Did you know that 35% of your FICO credit score comes from your payment history? If you’re trying to boost your score, showing that you make timely payments on a personal loan can improve your score. If you’ve never had a loan before, consider a personal loan instead of a credit card to get a lower interest rate and have a better impact on your FICO score.
Credit Utilization Ratio
The next factor that makes up a big chunk of your credit score is credit utilization. Many people find that their credit score takes a hit because they have several maxed-out credit cards. You want to keep the amount you owe low to avoid a high credit utilization ratio.
If you’re carrying around a lot of credit card debt, a personal loan can help you lower your credit utilization ratio. A word of caution: Once you “pay off” your credit cards and move those balances to a personal loan, don’t max out the cards again.
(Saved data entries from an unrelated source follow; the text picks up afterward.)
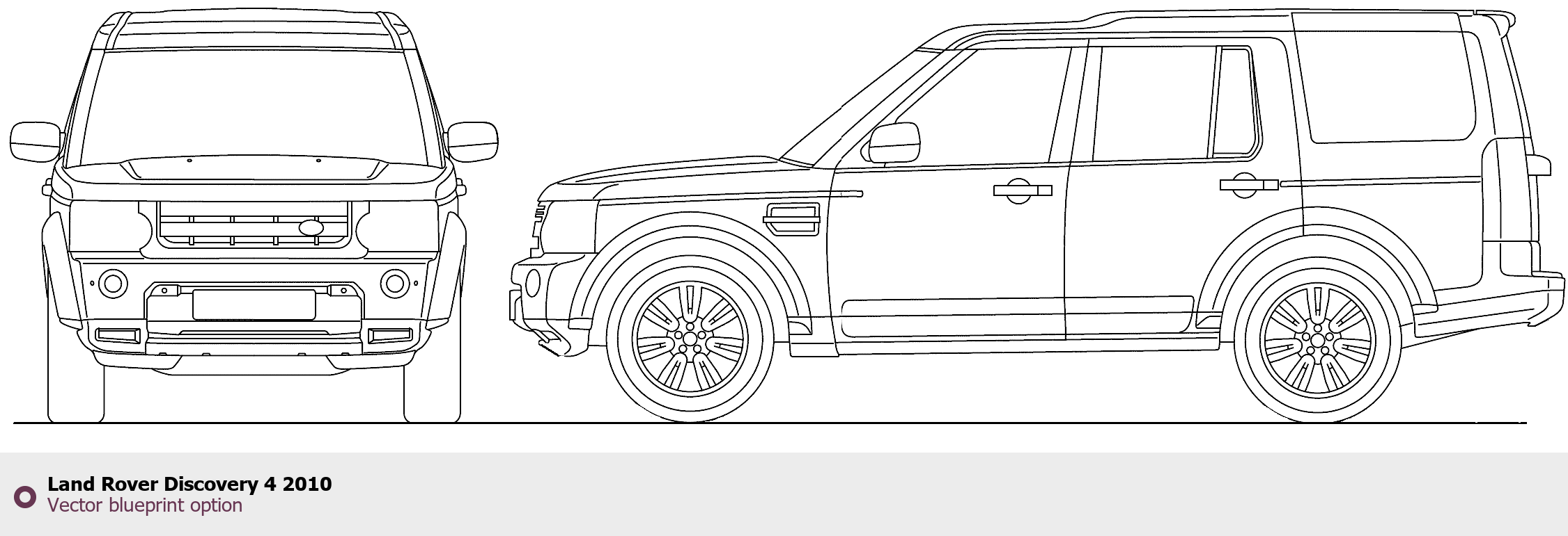 Raster blueprint of the 2010 Land Rover Discovery 4 SUV. This free downloadable image can be used for graphic projects, digital design, and 3D modeling. The file provides accurate exterior proportions of the vehicle. Model year: 2010. Body type: SUV.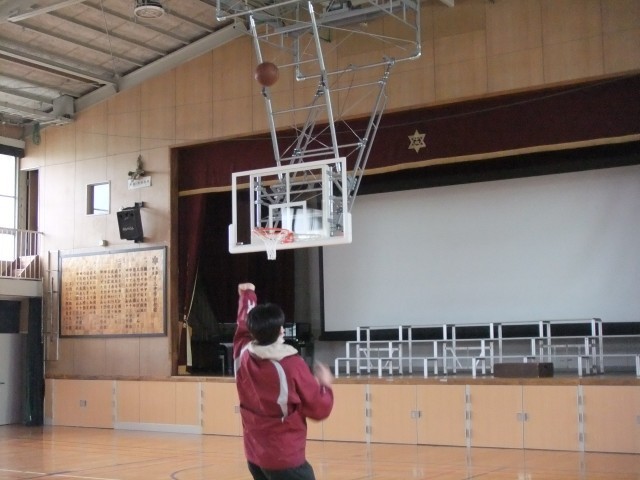 早速、男子バスケットボール部の顧問の先生が、新しいゴールに向かってシュートを放っていました。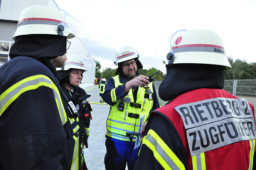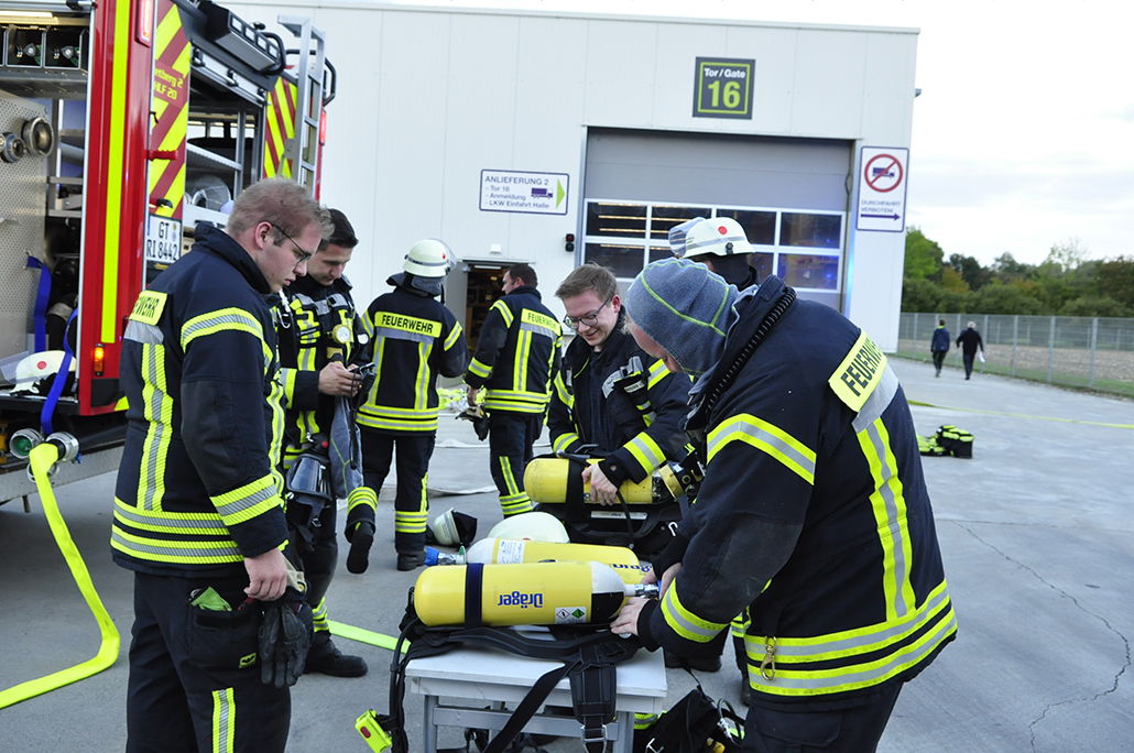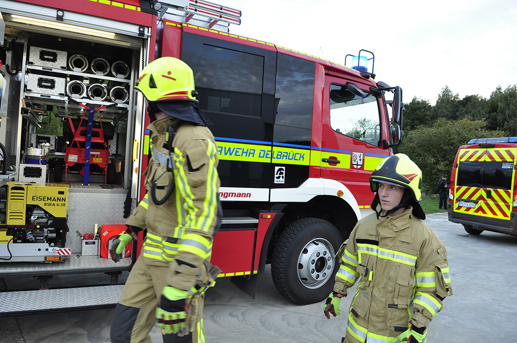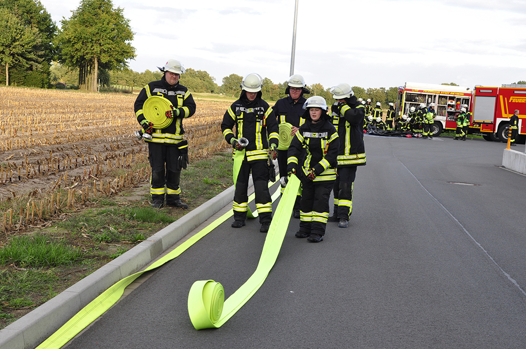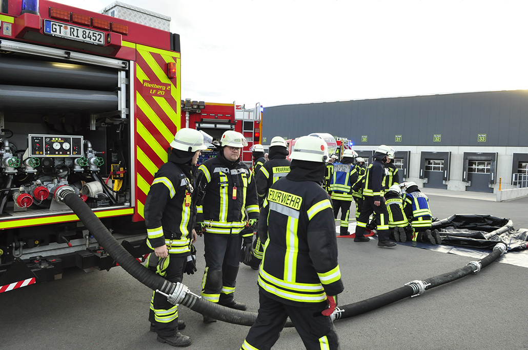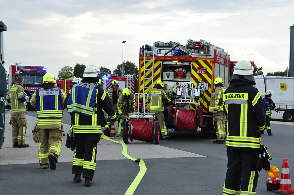 Geschichte geprägt. 200 Einsatzkräfte waren alarmiert, mit ihnen Unterstützung vom Löschzug Westenholz komplett, von Langenberg rückten Drehleiter und Löschfahrzeug an. Ein weiteres kam aus Benteler. 10.000 Liter Löschwasser im Abrollbehälter vom Kreis Gütersloh, sowie DRK Mastholte mit RTW. Laut Plan loderte Feuer in der Halle 12, einer großen Lagerhalle aus der noch vier vermisste Personen gerettet werden mussten. Christian Niermann, stellvertretender Stadtbrandinspektor, leitete den Einsatz und kontrollierte drei Abschnitte. Zentrale Wasserversorgung und Löschbereich Nord bzw. Süd an der Halle. Entscheidend im Ernstfall eine ausreichende Wasserversorgung. Diese sicherten Tankwagen von umliegenden Hydranten. Nach 90 Minuten endete eine erfolgreiche Großübung deren Verlauf interessiert von Kreisbrandmeister Holtkemper, Stadtbrandinspektor Setter, Bürgermeister Sunder und Mitgliedern der Ehrenabteilung verfolgt wurde.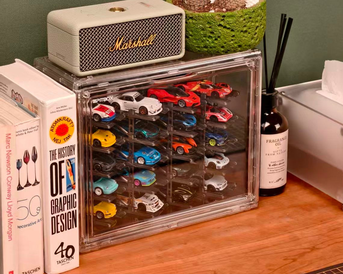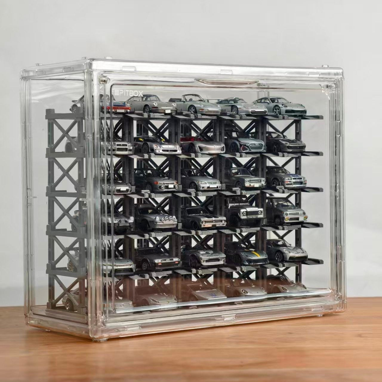 Crystal-clear PET case with a magnetic front door. Choose 20 or 30 parking racks to house your 1:64 fleet—dust-proof, tidy, and ready to show off.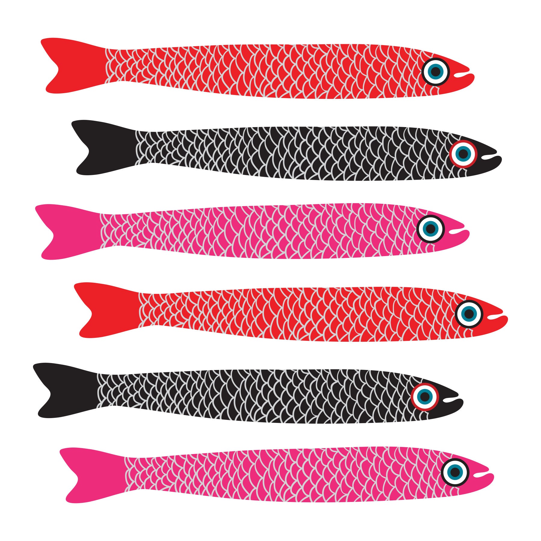 Dive into a graphic whimsical world with this Anchovies wall mural, featuring a school of stylized fish in vibrant shades of red, delightful fuchsia hot pink, and bold charcoal black on a crisp white background. Each fish is rendered in a charming retro style, creating a visually striking and playful design. This wall mural is eye-catching and dramatic without being overwhelming, making it a perfect choice for adding a touch of quirky sophistication to your walls. Let these retro anchovies add a splash of bold color and vintage charm to your daily life! This wall mural design is also available in Other Colourways AND in a repeat wallpaper version too! Original wall mural design by Jackie Tahara of UnBlink Studio.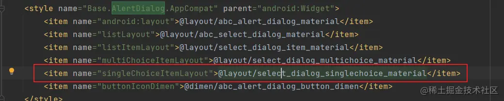 就可以看到在这里设置颜色,所以这个 android:textColorAlertDialogListItem 就是我们要的东西。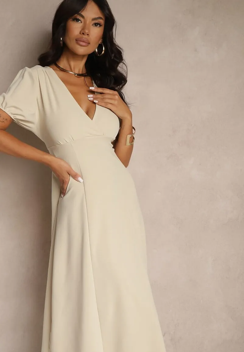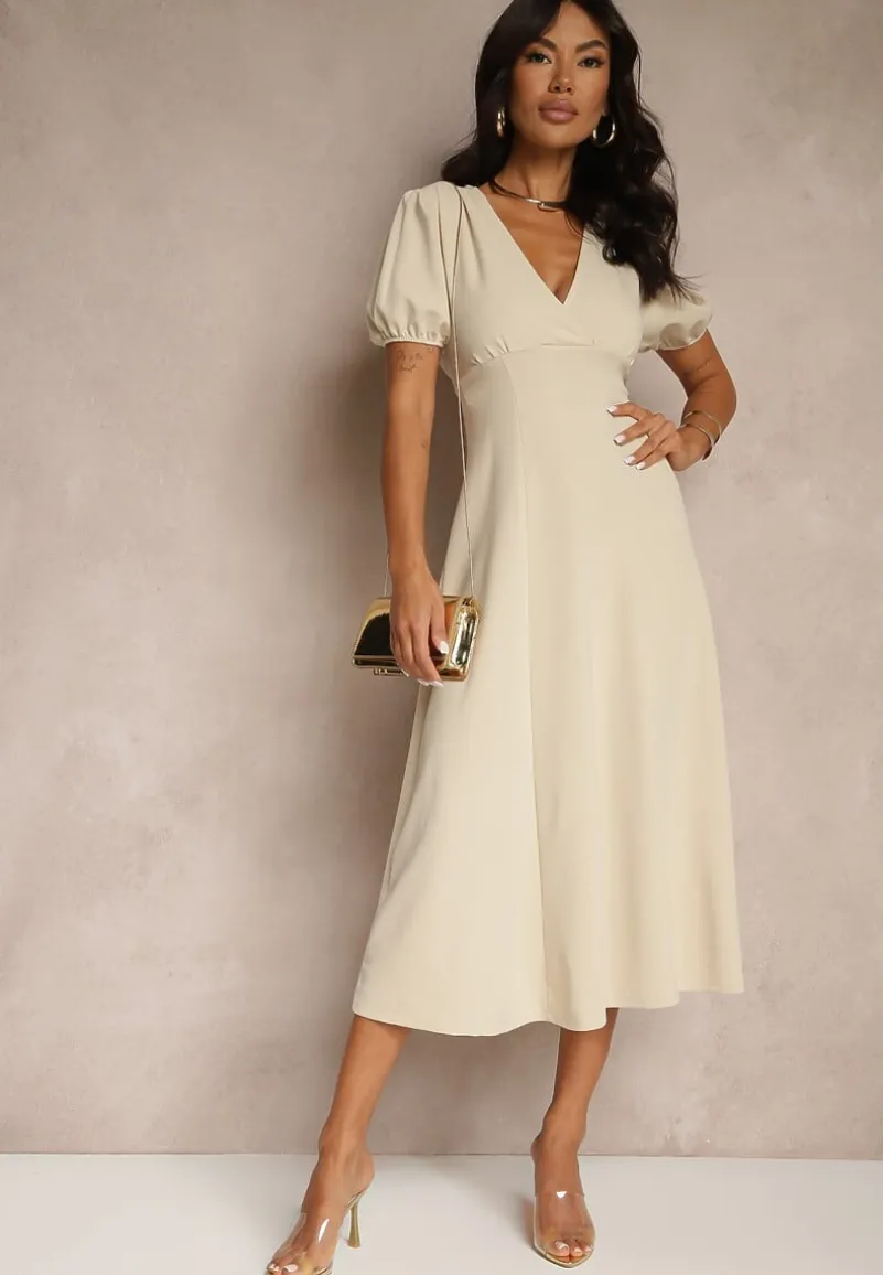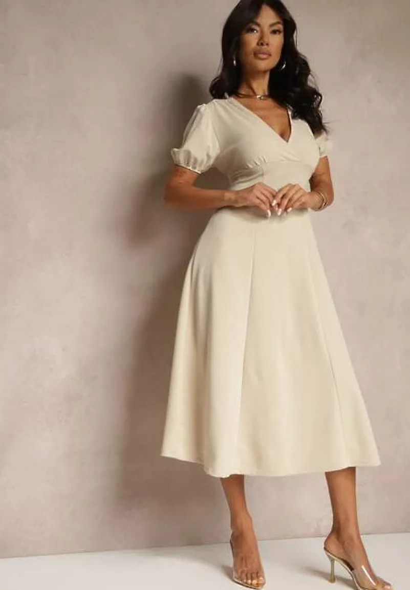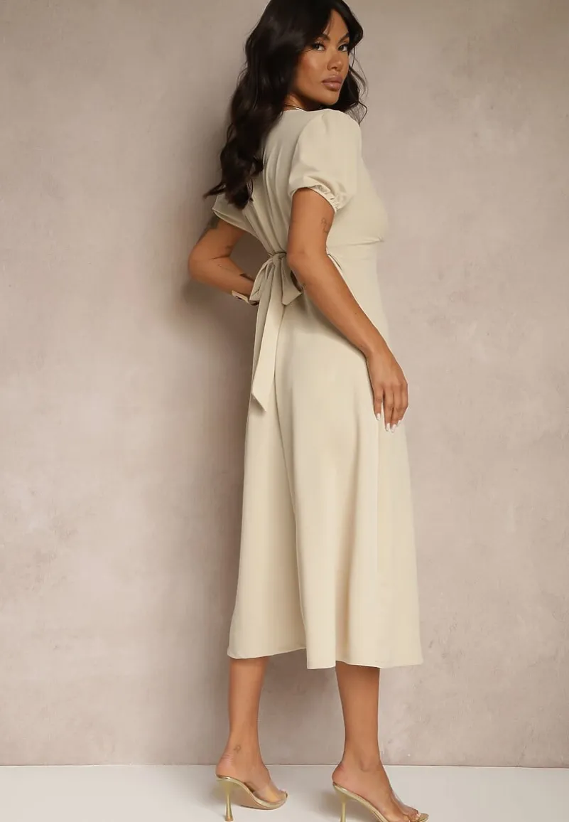 Beżowa Rozkloszowana Sukienka Koktajlowa Ozdobiona Wiązaniem Ziverine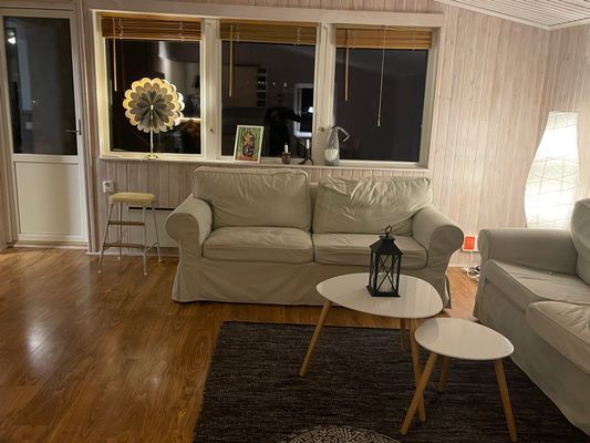 Storstugan, 45 m2, har sovrum med familjesäng och att stort allrum med bäddsoffa och plats för flera.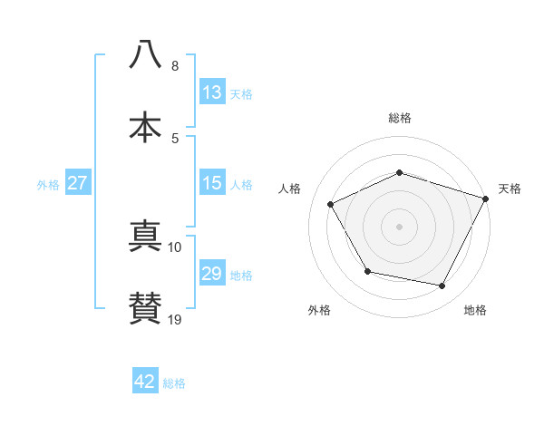 八本 真賛さんの天格は13画の5点!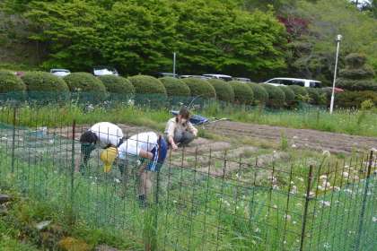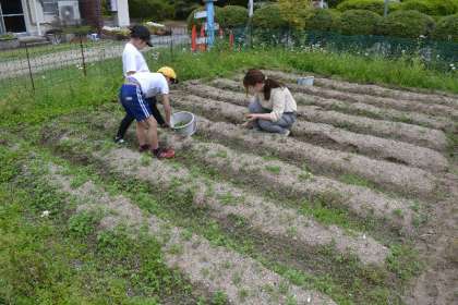 畑の草を丁寧に抜きながら、「ここにトマトを植えたいな」「きゅうりが大きく育つかな?」と、これから育てる野菜への期待が広がります。一人一人、土の感触を確かめながら作業に取り組み、畑をきれいに整えていきました。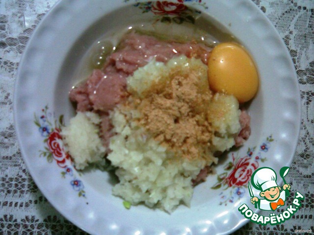 в фарш добавляем измельченный в блендере лук, яйцо, соль, паприку, приправу для курицы, хорошенько перемешиваем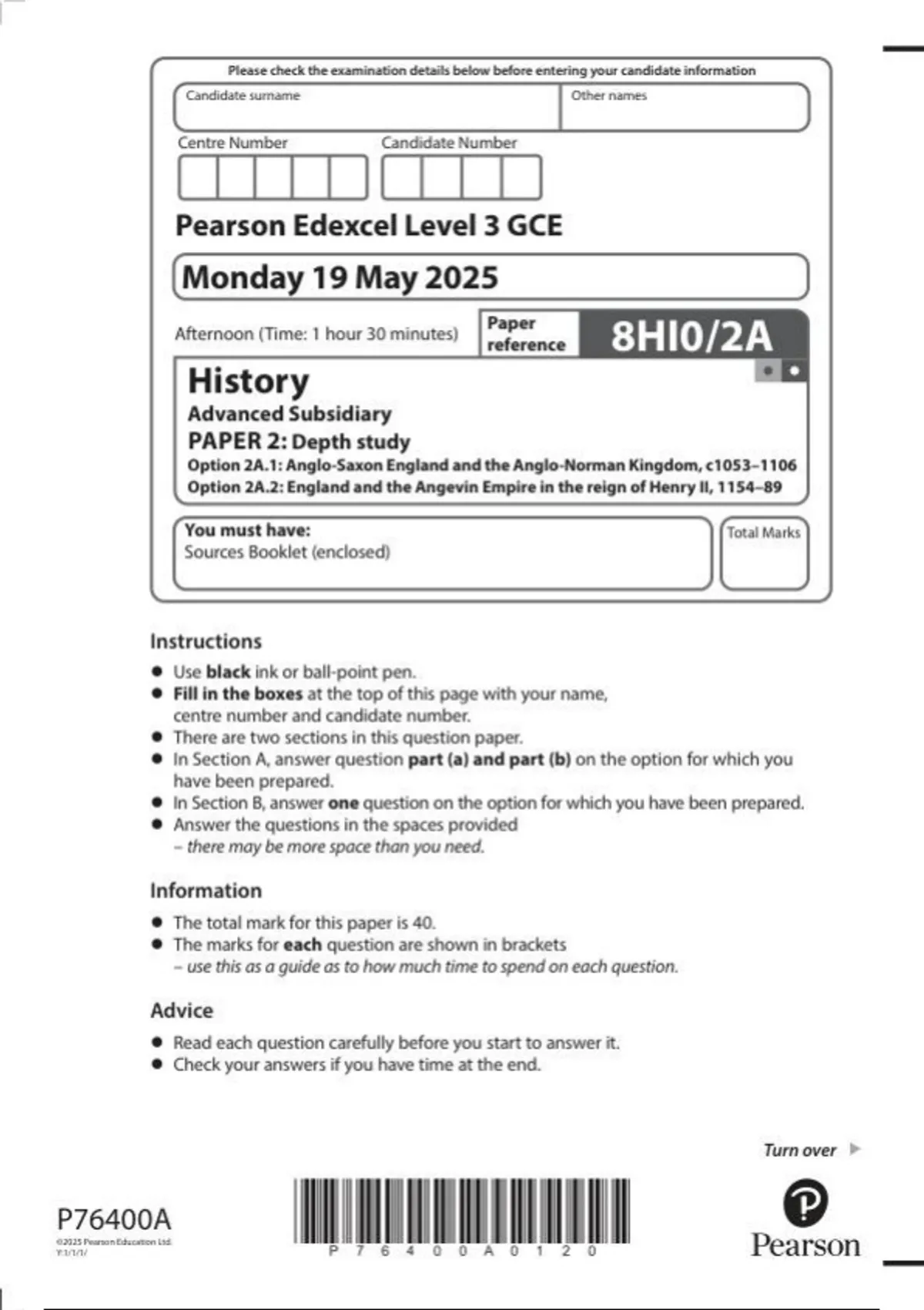 Pearson Edexcel as level History |question paper |2025|8HI0/2a

You want to keep your credit utilization ratio to stay below 30% for the biggest credit boost.
Your credit score is also determined by the variety of loan products you have or have had in the past. Applying for a personal loan from a credit union is a way to do this. For example, your credit report might already show a mortgage, a car loan, a credit card, and a student loan. Adding a personal loan adds to the variety and can boost your credit score.
Stay on Track for the Greatest Impact
Whether you apply for a personal loan at a local branch or an online credit union, keep in mind that the positive impact this loan has on your score depends on responsible borrowing. Be careful not to borrow more than you need and always make your payments on time.
What about the credit inquiry?
That’s a concern for many people, but credit inquiries on your credit report don’t make up a huge percent. Also, these inquiries fall off after so many months. As long as you don’t apply for several personal loans at once, you shouldn’t worry about the impact on your credit score.